Behavioral Flexibility – The ability to be flexible enough in your behavior so as to communicate with someone in a way that is meaningful and influential to them. Sort of like an undercover cop pretending to be a criminal so that other criminals will trust him/her. It is often used when you want someone to behave differently. By being flexible and sometimes uncharacteristic in your behavior, you can “get through” to some people you wouldn’t normally be able to get through to.
Example – Bill was acting so irrational the other day, I thought he was going to start crying. It was nice to see that Susan had the behavioral flexibility to pretend she was going to quit because of what Bill was upset about. This calmed him down and made him realize that his behavior might have been a bit over the top.
Emotional Trigger – A strong emotional reaction to a stimulus, usually stemming from repressed emotions (typically negative).
Example: When I was young, my stepfather would get drunk and yell at me. Now when I’m around people that drink, I get emotionally triggered and just want to leave the situation.
Fight or Flight Response – When fear becomes so prevalent, you behave as if you are in danger. You either stay and face the danger (fight), or run to avoid the danger (flight). This does not always mean actual fighting or running away, but the feeling of wanting to do so is dominant.
“Freeze” can happen too. I have a friend that told me she froze when she was about to get struck by a car. She couldn’t move, even know the car was heading straight for her. It was as if her brain stopped processing for that moment.
Example: When my boss yelled at me, my fight or flight response kicked in. I know I wasn’t in real danger, but I felt like hiding under my desk!
Homestasis – In the body, when internal conditions are relatively stable. When I talk about the homestatic state, I refer to when the body is not affected by negative emotions, or in any sort of excited or triggered state. It’s the equivalent of rest with no worry. Being in the present moment can do this too.
Example: After a breakthrough, the emotions wane and the body calms to a more homeostatic state.

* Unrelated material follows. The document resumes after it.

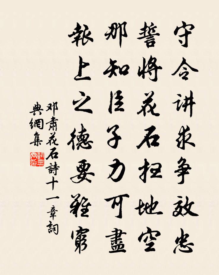 詩詞名句歷史字典書法欣賞書法字典國語詞典說文解字康熙字典古漢語字典標 題 作 者 詩 句 花石詩十一章作者:鄧肅 朝代:宋代花石詩十一章原文守令講求爭效忠,誓將花石掃地空。那知臣子力可盡,報上之德要難窮。詩詞問答問:花石詩十一章的作者是誰?答:鄧肅問:花石詩十一章寫於哪個朝代?答:宋代鄧肅花石詩十一章書法欣賞花石詩十一章書法作品詩詞推薦濟顛書記贊釋普岩〔宋代〕毀不得,贊不得,天台出得個般僧,一似青天轟霹靂。走京城,無處覓。業識忙忙,風流則劇。末後筋斗背翻,煅寄別向運判德獻移閩憲楊萬里〔宋代〕薄枝工奚取,知音一已多。從公日幾許,去我意如何。夢裡閩山月,吟邊楚水波。門闌萬珠履,更試歲寒柯。送蕭鍊師步虛詞十首,卷後以二絕繼之白居易〔唐代〕欲上瀛州臨別時,贈君十首步虛詞。天仙若愛應相問,可道江州司馬詩。花紙瑤緘松墨字,把將天上共誰開。試呈卜運算元(嘲二十八兄)陳著〔宋代〕風急雁聲高,露冷蛩吟切。枕剩衾寒不耐煩,長是傷離別。望得眼兒穿,巴得心頭熱。且喜重陽節又來, * 花先賢者之孝二百四十首公明宣林同〔宋代〕子於親在日,叱吒不聞聲。既曰見而說,應無學未能。長思仙侯善淵〔元代〕既為人。勿因循。百歲光陽有幾能。虛勞染世塵。好修真。養元神。兩耀交光碾玉輪。 * 一點純。偈頌十二首釋道璨〔宋代〕擾擾匆匆,晨雞暮鍾。喚冬作夏,喚夏作冬。一線短長誰管得,雪霜盡處是春風。點絳唇(水飯)曹組〔宋代〕霜落吳江,萬畦香稻來場圃。夜村舂黍。草屋寒燈雨。玉粒長腰,瀋水溫溫注。相留住。共抄雲子。更聽歌聲度。次韻別友方岳〔宋代〕硯香不肯與山留,雨浥寒花斷送秋。後夜酒醒詩更好,淡煙荒草並漁舟。水調歌頭(石知院生辰)葛長庚〔宋代〕兩鬢青絲髮,雙眼黑方瞳。人皆道是,昭慶一個老仙翁。暫別蓬萊弱水,自把星冠月帔,玉佩舞薰風。醉入桃源路寄象田斗山和尚釋雲岫〔宋代〕長翁留得靈苗別,不似禾喚作禾。臘雪喜呈三度白,豐年讖在象田多。溪上露坐陸游〔宋代〕水際風生爽拂裾,比鄰自集不勞呼。昏鴉杳杳飛初定,遠樹離離望欲無。新竹出林時解籜,小荷翻露已成珠。橋東清明郊外鄭獬〔宋代〕桃葉青青杏子肥,清明雨後舊花稀。草翻蝴蝶日將晚,門掩鞦韆人未歸。春艷濃堪燒美酒,湖光綠好染羅衣。柳條湯嶺溫泉柳德驥〔宋代〕化工何事起炎涼,偏使山中泉作湯。地氣燭燭燒石乳,水香鬱郁噴硫磺。暄波常涌無冬夏,勢溜長澌歷雪霜。聞道花舞史浩〔宋代〕是非場,名利海,得喪炎涼徒自苦。至樂陶陶,唯有醉鄉,誰向此間知趣。花下一杯一杯,且莫把、光陰虛度。八哭鄭君瑞長官二首劉克莊〔宋代〕史著陶潛卒,何妨爵秩卑。竟無乞米帖,止有採薇詩。舊友誰為誄,新阡尚欠碑。中年哭同志,孤立可勝悲。再次贈張學錄韻十詩陳造〔宋代〕閱世有順逆,飛埃噎空虛。曠懷略外物,曲士乃拘墟。處士妻十首劉克莊〔宋代〕嫁與張京兆,新眉掃黛濃。不如伯鸞婦,長伴藁砧舂。次韻答王敬助 其一王冕〔元代〕小隱水南村,喧譁不到門。無言及名利,適意在田園。春雨桑麻長,秋風果蔬繁。生涯有如此,何用覓桃源?句王鎬〔宋代〕催租更擾潘邠老,付麥誰憐石蔓卿。名句推薦順風而呼,聲非加疾也,而聞者彰。荀子《勸學》 厭見千門萬戶,經過北里南鄰。王維《田園樂七首·其一》 明日近長安,客心愁未闌。納蘭性德《菩薩蠻·白日驚飈冬已半》 知君仙骨無寒暑。蘇軾《木蘭花令·次馬中玉韻》 落梅庭榭香,芳草池塘綠。晏幾道《生查子·落梅庭榭香》 對酒捲簾邀明月,風露透窗紗。蘇軾《少年游·潤州作》 自奉必須儉約,宴客切勿流連。朱柏廬《朱子家訓·全文》 風也蕭蕭,雨也蕭蕭,瘦盡燈花又一宵。納蘭性德《採桑子·誰翻樂府淒涼曲》 秋來愁更深,黛拂雙蛾淺楊無咎《生查子·秋來愁更深》 小溪清水平如鏡,一葉飛來浪細生。徐璣《秋行》

Intrinsic – Belonging naturally; Essential. I use “intrinsic” typically to denote something with which we are born.
Example: We are born able to experience happiness; therefore, happiness is intrinsic.

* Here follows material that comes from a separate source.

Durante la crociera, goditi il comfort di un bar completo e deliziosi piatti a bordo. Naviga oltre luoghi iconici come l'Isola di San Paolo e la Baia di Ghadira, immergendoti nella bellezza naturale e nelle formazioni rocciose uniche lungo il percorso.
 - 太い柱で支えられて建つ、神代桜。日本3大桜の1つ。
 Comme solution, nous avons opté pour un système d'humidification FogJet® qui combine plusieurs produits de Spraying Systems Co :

Primal behavior – Our intrinsic responses to stimuli. Fear of loud noises or falling, for example. Primal behavior is very unconscious, and something we are born with. It is not learned, it is part of our wiring.
Example: He was so angry, he behaved uncharacteristically mean spirited. The behavior was very primal, as if he was responding from a deep-rooted fear.

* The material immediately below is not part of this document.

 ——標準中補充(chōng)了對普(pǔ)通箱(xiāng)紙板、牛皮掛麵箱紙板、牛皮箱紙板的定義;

Rapport – A mutual trust and comfort between people. Rapport can develop when you like someone else even when you don’t know why you like them.
Example: When I met her at the airport, we developed an immediate rapport. It felt like we knew each other for years.
Trigger – An emotional reaction to something, typically negative.
Example: When he let the garbage overflow onto the floor, I got triggered because it was like he didn’t care about me at all.